If I may, I will turn to the tier 1 investor visa route, and I am afraid that I will have to repeat a number of things that I said in my opening remarks. The review of visas issued under the route took place relatively recently. A Written Ministerial Statement on 12 January set out the findings of that review, which reviewed visas issued between 2008 and 2015. That included that it had identified a minority of individuals connected to the tier 1 investor visa route that were potentially at high risk of having obtained wealth through corruption or other illicit financial activity. The Statement represented the Government’s substantive response to the commitment to undertake that review and publish its findings.

I am aware that the noble Lord, Lord Wallace, would have preferred that the published review included more information about specific individuals.

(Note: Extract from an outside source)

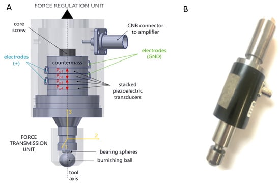 Ultrasonic vibration-assisted ball-burnishing (UVABB) tool equipped with a 1D linear displacement system through piezoelectric stack designed by Jerez-Mesa et al. (2018) [20]. (A) General scheme of the piezoelectric system; (B) Real image of the prototype used for vibration monitoring.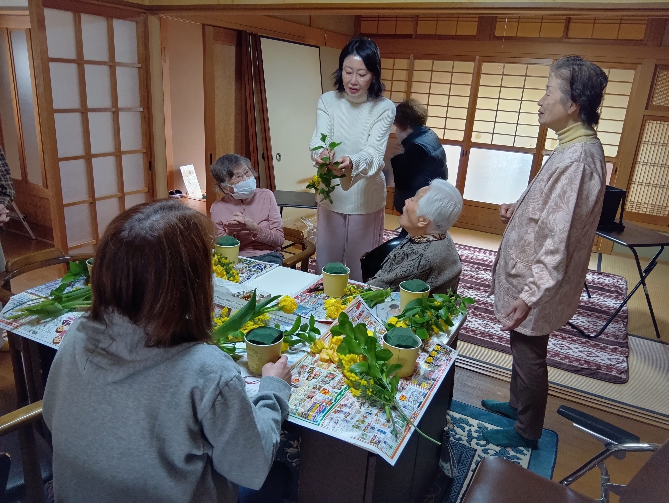 1月下旬、長田区の自治会館でフラワーアレンジメントのセミナーを開催しました。神戸市内でフラワーアレンジメント教室を実施する。寺花屋の谷口花織代表が講師を務めました。黄色い花々を使い、参加者からは「ここだけ春になったみたい」などの声が聞こえ、寒い冬を吹き飛ばすほど明るいセミナーとなりました。

I agree with his remarks about protecting our democracy and transparency. However, we have had to act responsibly in regard to the UK’s national security. We have sought to strike the right balance between setting out the broad findings of the review and the constraints on disclosing sensitive details, which must be withheld at the request of our operational partners to protect our border and the vital work of our law enforcement agencies. I think that those are perfectly reasonable points to have made in regard to the tier 1 investor visa.

I appreciate that I have not given as fulsome answers as all noble Lords would like, but in light of the answers that I have given, I request that noble Lords do not press their amendments.